Elsevier

Hearing Research

Volume 92, Issues 1–2, December 1995, Pages 151-169
Hearing Research

Research paper
A functional map of the pigeon basilar papilla: correlation of the properties of single auditory nerve fibres and their peripheral origin

https://doi.org/10.1016/0378-5955(95)00214-6Get rights and content

Abstract

The purpose of the investigation was to correlate the functional properties of primary auditory fibres with the location of appertaining receptor cells in the avian basilar papilla.

The functional properties of 425 single afferent fibres from the auditory nerve of adult pigeons were measured. The peripheral innervation site of 39 fibres was identified by intracellular labelling and correlated with the fibre's functional properties.

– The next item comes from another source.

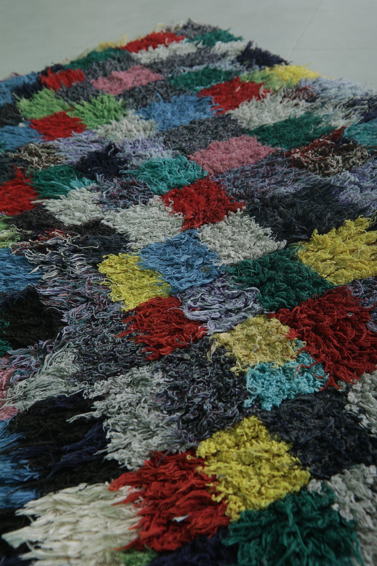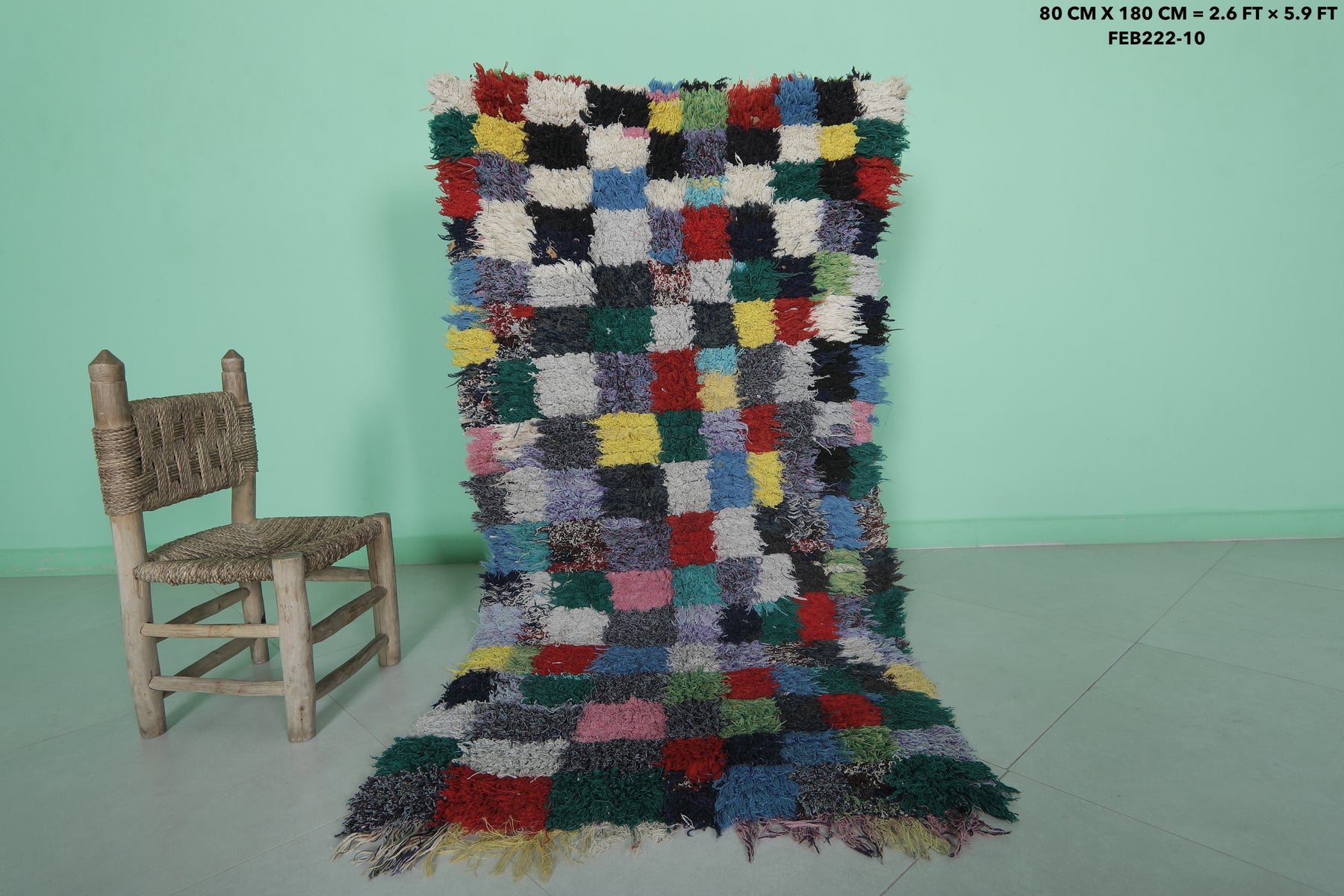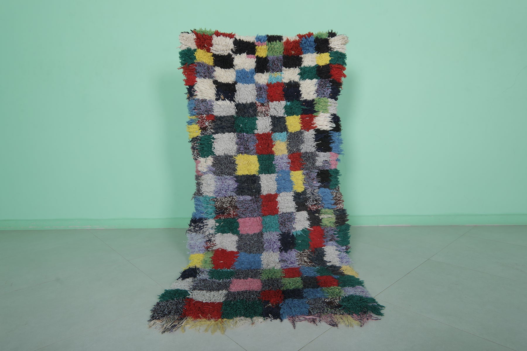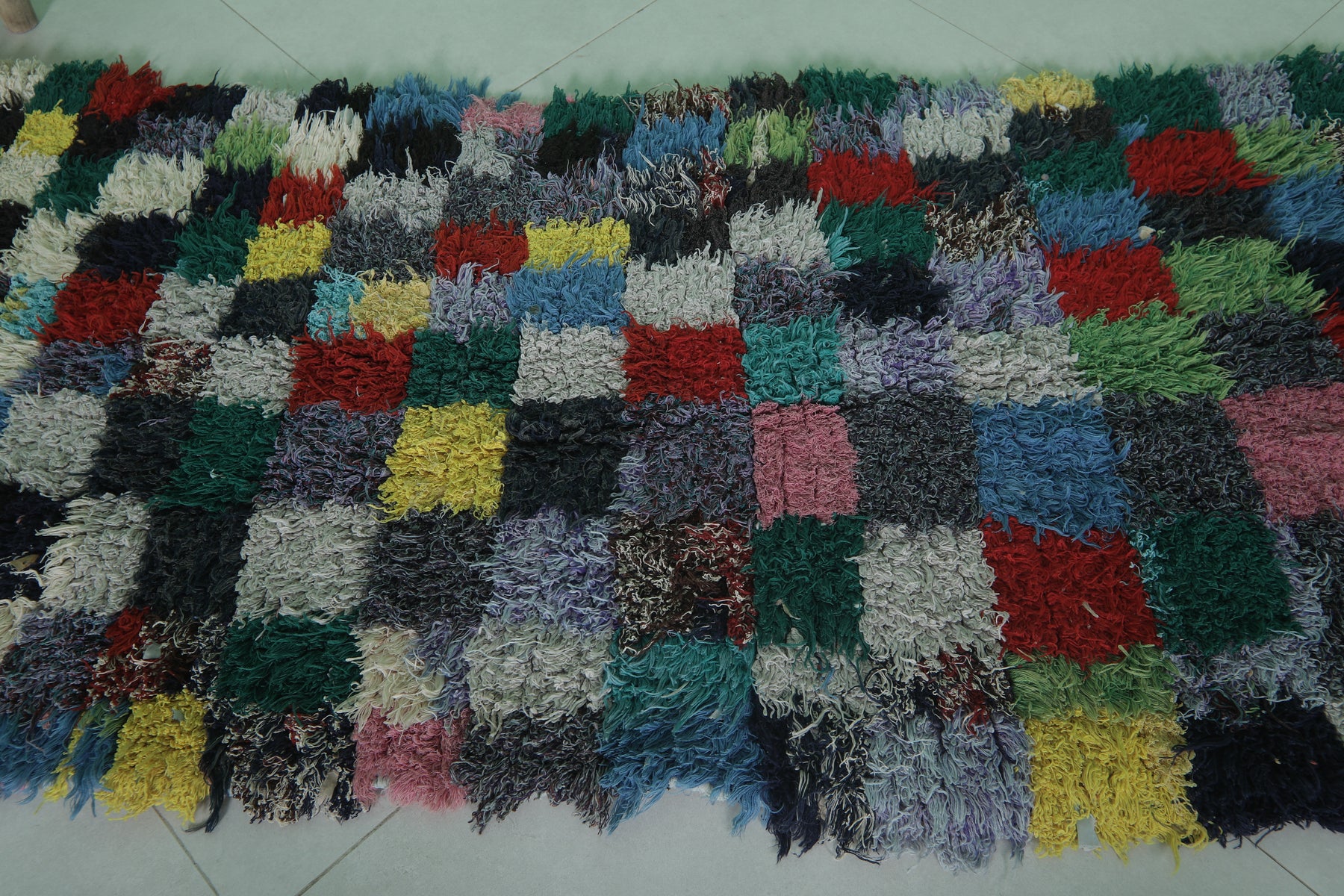 Brighten up your interior with this Vintage Handmade Runner Rug (2.6 x 5.9 FT), featuring a lively checkerboard of bold, contrasting colors and rich texture.

Mean spontaneous firing rate (SR, 0.1–250/s) was distributed monomodally (mean: 91 ± 47/s) but not normally. Characteristics frequencies (CFs) were in the range of 0.02–4 kHz. SR, threshold at CF (4–76 dB SPL) and sharpness of tuning (Q10 dB, 0.1–8.8) varied systematically with CF. For a given CF there was a strong correlation of threshold and Q10 dB and of threshold and SR.

Labelled fibres innervated different hair cell types over 93% of the length and 97% of the width of the basilar papilla. The majority of fibres innervated hair cells located between 30 and 70% distance from the apex and 0 and 30% distance from the neural edge of the papilla.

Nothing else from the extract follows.